= THE PROBLEM =
Your copy should hold only the lines from the one containing "通過相芯視頻數字人,用户只需" through the final line of the entries, exactly as written, with no pictures.

= RECORDS SUPPLIED =
▬▬▬

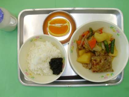 ごはん のりの佃煮 あじのさんが焼き 肉じゃが くだもの 牛乳
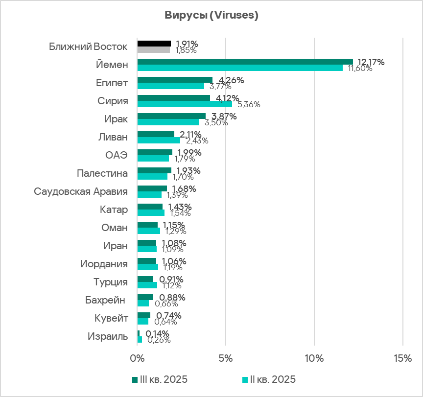 В случае вирусов показатель Йемена (12,17%) превышает показатель Египта, который занимает второе место в этом рейтинге, в 2,9 раза. По сравнению же с показателем Израиля, который замыкает рейтинг, значение в Йемене больше в 86,9 раза.
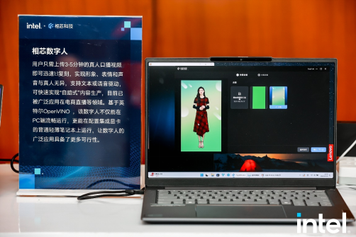 通過相芯視頻數字人,用户只需上傳3-5分鐘的真人口播視頻即可迅速1:1復刻,實現形象、表情和聲音與真人無異,支持文本或語音驅動,可快速實現“自助式”內容生產。基於英特爾OpenVINO ,該數字人不僅能在PC端流暢運行,更能在配置集成顯卡的普通輕薄筆記本上運行,讓數字人的廣泛應用具備了更多可行性。
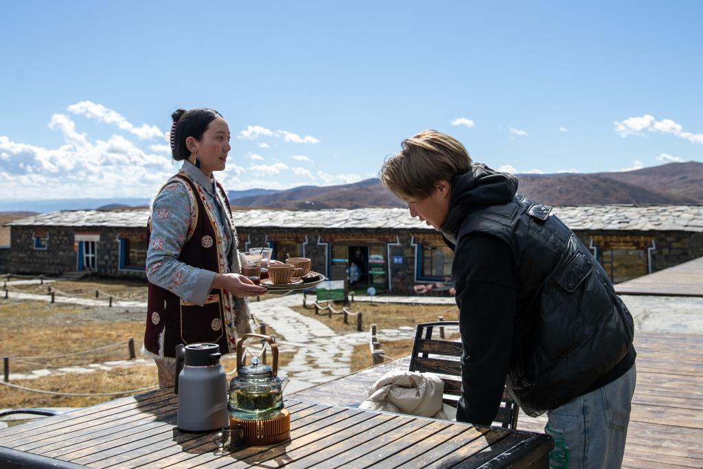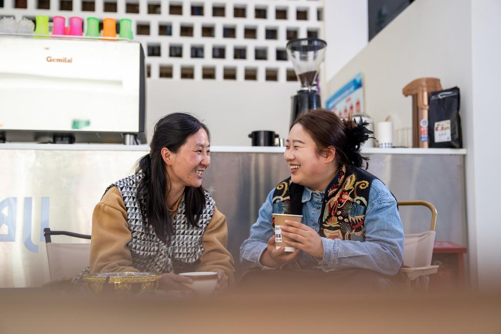 在四川省甘孜藏族自治州巴塘縣,劉莎莎在巴塘縣社會(huì)力量發(fā)展中心集群與咖啡廳的負(fù)責(zé)人格秋曲珍聊天(11月5日攝)。
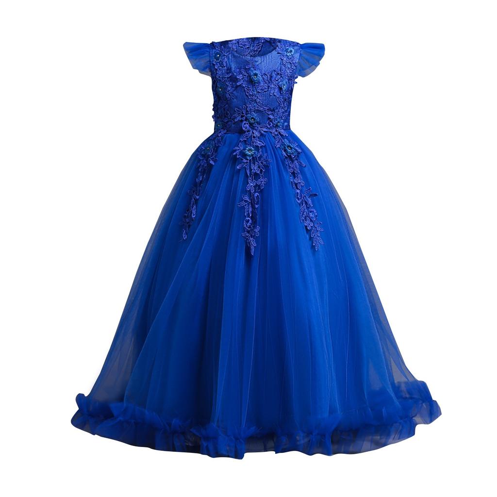 Юбка принцессы, платье для девочек, детское сетчатое длинное платье в пол, среднее и большое детское сетчатое кружевное торжественное платье
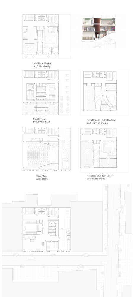 This project proposes a contemporary Arab American museum conceived as an architecture of movement, exchange, and cultural continuity. Drawing from the history of Arab American peddlers—whose livelihoods depended on mobility, trade, and connection—the museum translates these networks into a spatial experience. The building is organized into three interrelated components: exhibition, archive, and cultural production. Rather than functioning as isolated programs, these elements intertwine through shifting forms, shared voids, and transitional spaces that emphasize exchange between past and present.

▬▬▬

= ANSWER SECTION =
 通過相芯視頻數字人,用户只需上傳3-5分鐘的真人口播視頻即可迅速1:1復刻,實現形象、表情和聲音與真人無異,支持文本或語音驅動,可快速實現“自助式”內容生產。基於英特爾OpenVINO ,該數字人不僅能在PC端流暢運行,更能在配置集成顯卡的普通輕薄筆記本上運行,讓數字人的廣泛應用具備了更多可行性。
 在四川省甘孜藏族自治州巴塘縣,劉莎莎在巴塘縣社會(huì)力量發(fā)展中心集群與咖啡廳的負(fù)責(zé)人格秋曲珍聊天(11月5日攝)。
 Юбка принцессы, платье для девочек, детское сетчатое длинное платье в пол, среднее и большое детское сетчатое кружевное торжественное платье
 This project proposes a contemporary Arab American museum conceived as an architecture of movement, exchange, and cultural continuity. Drawing from the history of Arab American peddlers—whose livelihoods depended on mobility, trade, and connection—the museum translates these networks into a spatial experience. The building is organized into three interrelated components: exhibition, archive, and cultural production. Rather than functioning as isolated programs, these elements intertwine through shifting forms, shared voids, and transitional spaces that emphasize exchange between past and present.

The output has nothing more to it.